If you add in people who have stopped looking for work, or who are working part time when they want a full-time job, the unemployment rate is a whopping 17 percent, according to the Labor Department.
“If you’ve got an effective unemployment rate of 17 percent and if this goes on for any length of time, a year or more, then everyone’s cushion will run out,” said Republican consultant Rich Galen. “There are going to be serious implications, culturally and politically.”
Galen said it’s understandable that Republicans would use the state of the economy to pound Obama and Democrats who control Congress. Still, “it’s not something we should either make fun of, be amused by or play politics with,” he said.
Republicans already see a “jobless recovery.” In a letter to Obama and House Speaker Nancy Pelosi, House GOP leaders asked, “Where are the jobs?”
Firing back, White House chief economic adviser Lawrence Summers defended the administration’s efforts on the jobs front and wrote to the Republican leaders that Obama was “committed to not repeating the fiscal mistakes of the last eight years.” House Minority Leader John Boehner, R-Ohio, said Monday said stimulus spending and other Democratic initiatives “are the wrong approach.”
Another sign of continuing distress: Applications for Social Security retirement benefits are up 23 percent from last year, a much larger jump than in other recessions.
The surge is due to a rush of baby boomers filing for early retirement. Signing up for Social Security benefits as early as age 62 can be an immediate source of income for laid-off older workers, but it’s also a troubling sign of the scarcity of jobs.
Despite some signs of recovery, the economy remains fragile. Consumer spending — which powers two-thirds of economic output — remains weak. Yet the widespread view among economists is that the recession has ended and that the economy grew in the just-ended third quarter.
So how can it be over if things are still so bad?
A recession is most simply defined as a period when the gross domestic product falls for at least two quarters. It had been doing that since the July-September quarter of 2008, although most economists believe the GDP has now reversed course and rose in the past few months.
The Business Cycle Dating Committee of the National Bureau of Economic Research is generally seen as the authoritative arbiter for dating U.S. recessions. It takes other things into account besides GDP, including employment levels, real personal income, industrial production, and wholesale and retail sales.
It dated the beginning of the current recession as December 2007 — and hasn’t yet called an end.
Economists agree that unemployment is a lagging indicator and can remain high long after a recession is pronounced over, continuing to inflict pain on those still out of work or worried about their jobs.
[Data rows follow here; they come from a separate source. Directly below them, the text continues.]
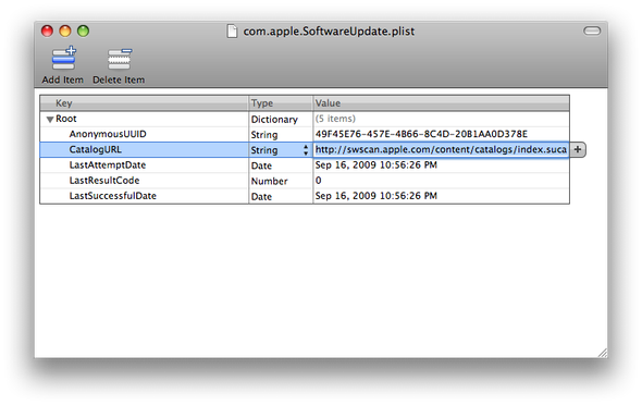 Ná pagina de suporte da apple, onde descreve para configurar conforme descrevi acima, tinha o que eu queria que era o endereço para o catalogo, mas o bendito arquivo /etc/swupd/swupd.plist não existia. Como faz? Busca prá lá… busca pra cá… Até que cheguei em outra página que explica como configurar o Software update sem o Open Directory, onde cheguei até o arquivo /Library/Preferences/com.apple.SoftwareUpdate.plist, no qual era só trocar o endereço do atributo CatalogURL para um servidor local, mas eu queria trocar para o servidor original, logo…
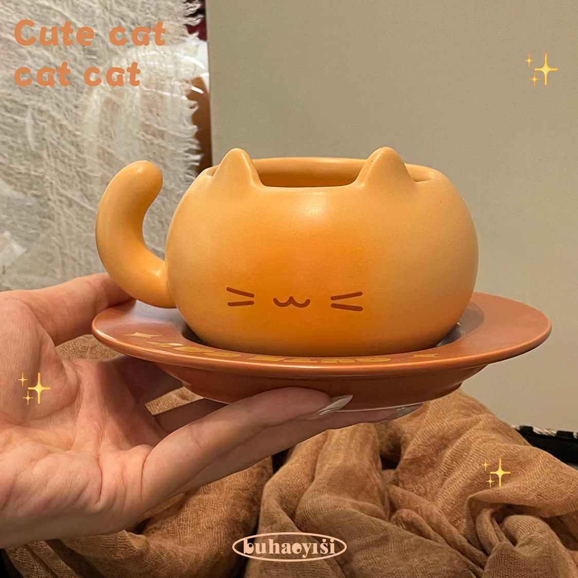 可爱焦糖面包猫咪陶瓷马克杯咖啡杯碟高颜值生日礼物女生ins水杯
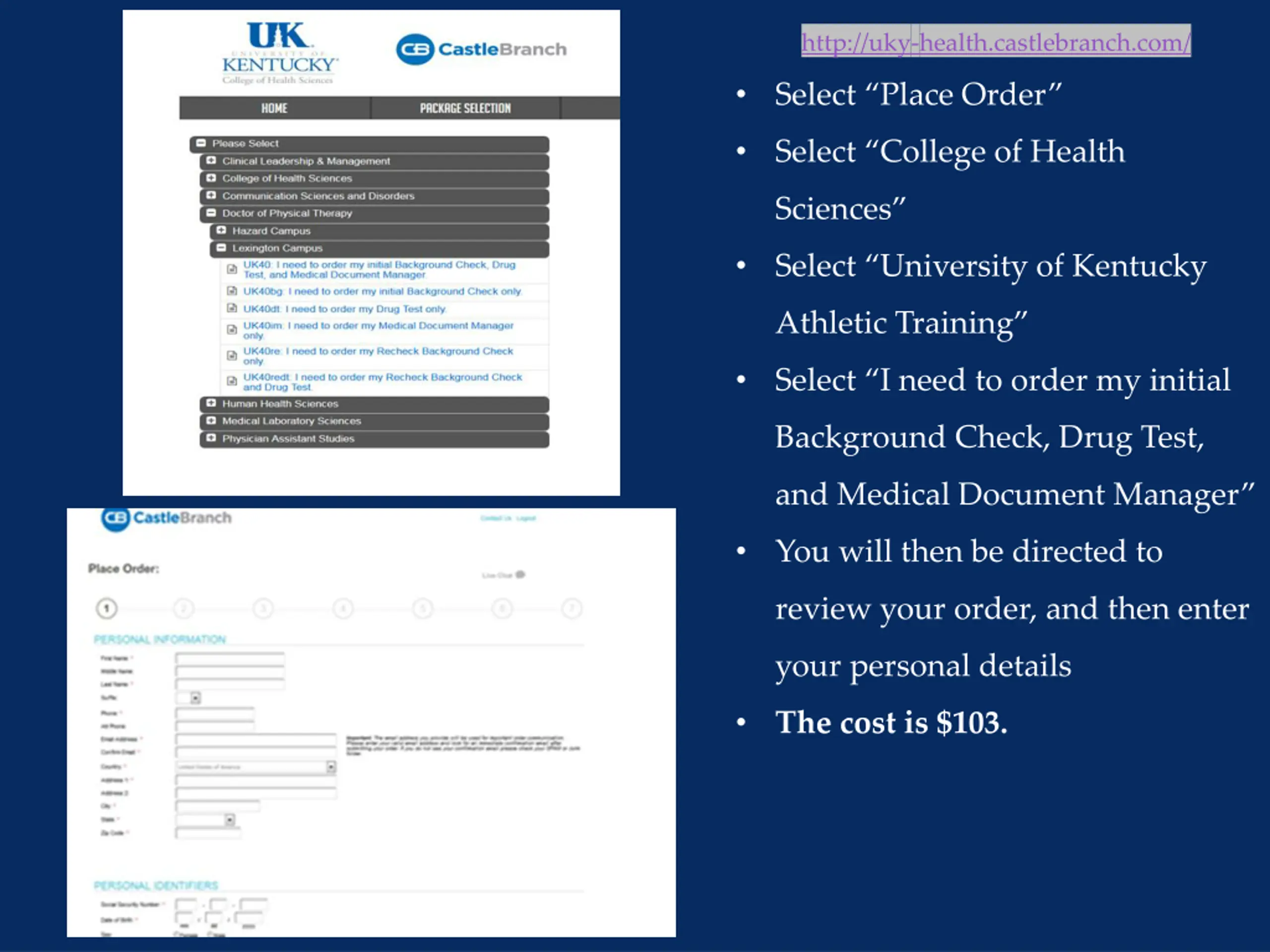 http://uky-health.castlebranch.com/ Select Place Order Select College of Health Sciences Select University of Kentucky Athletic Training Select I need to order my initial Background Check, Drug Test, and Medical Document Manager You will then be directed to review your order, and then enter your personal details The cost is $103.
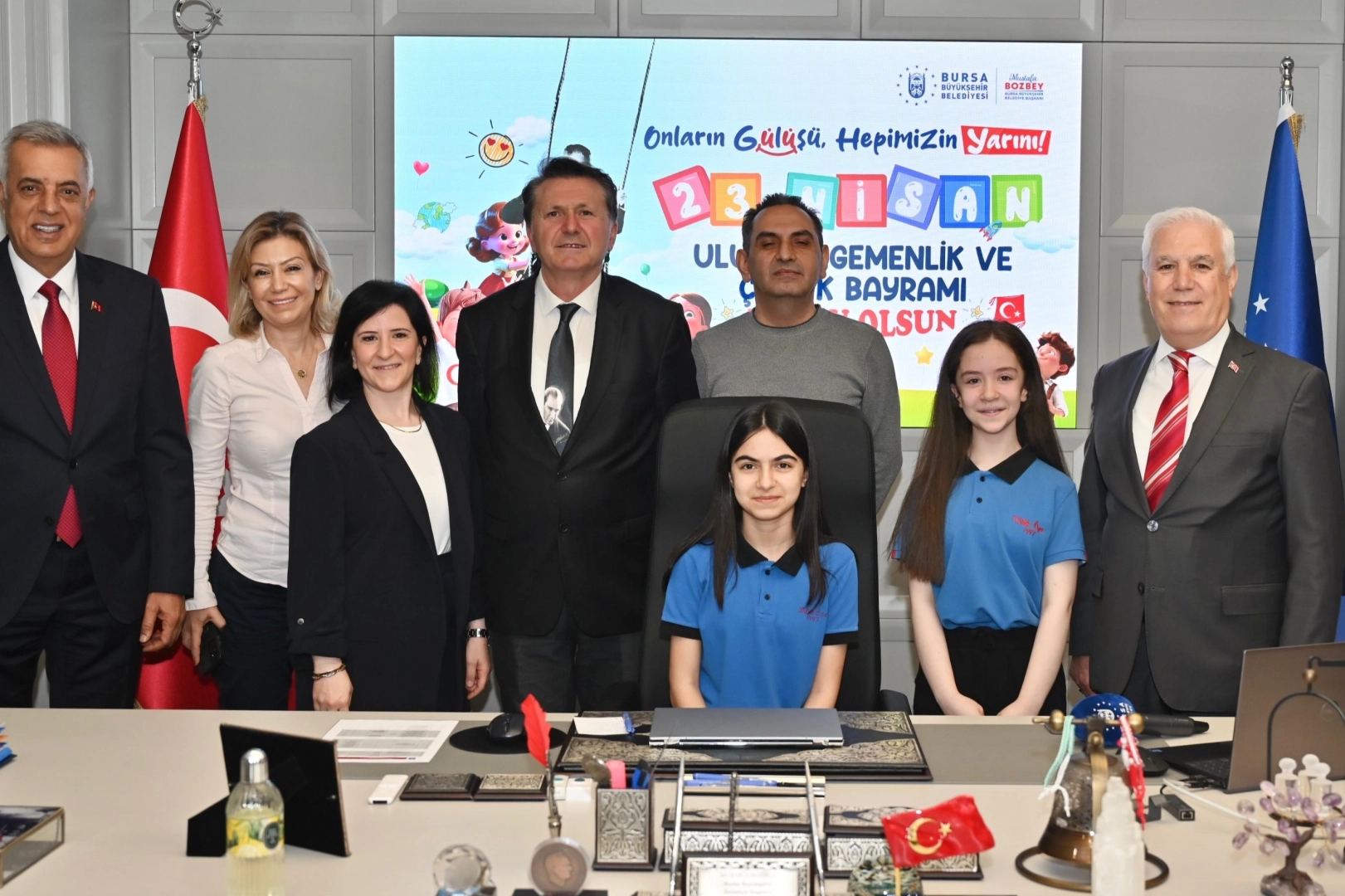 Bursa Büyükşehir Belediye Başkanı Mustafa Bozbey de koltuğunu Dilek Özer Ortaokulu 7. sınıf öğrencileri Duru Tuna ve İlke Ormancı’ya devretti.

That why it’s hard for such workers to understand how the recession can be deemed over.
It’s an important political dynamic as 2010 midterm elections approach.
At some point, continued job losses could easily push the economy back into negative territory, for a “double-dip” recession.
Hedge fund manager Doug Kass, founder and president of Seabreeze Partners Management, questions the ability of the economy to mount a self-sustaining recovery under continued elevated joblessness and wage deflation. “The consumer remains the Achilles’ heel of the economy,” he wrote recently.
Republicans claim continuing job losses signal a failure of the $787 billion Obama-driven stimulus legislation. “That is not what the American people were promised,” said House Republican leader John Boehner of Ohio.
White House aides concede they missed the mark with their January estimate that the stimulus package would keep unemployment from rising above 8 percent. But they insist things would be far worse had the stimulus not passed.
White House Budget Director Peter Orszag suggested the stimulus package added 2 to 3 percentage points, on an annualized basis, to U.S. economic activity from April through September. “If the economy remains fragile, additional options will be considered,” he said in a recent interview with The Associated Press.
Among measures being studied by the White House and congressional Democrats: extending and expanding a $8,000 tax credit for first-time home buyers due to expire at the end of next month; and tax breaks for companies that add jobs.
Rob Shapiro, an economist who was a top official in President Bill Clinton’s Commerce Department, sees “substantial, continued job losses” for some time if the government doesn’t take more aggressive steps to foster job growth.
In the meantime, the Obama administration should “prepare the American people to wait a while for real results,” said Shapiro, now with a Democratic think tank called NDN.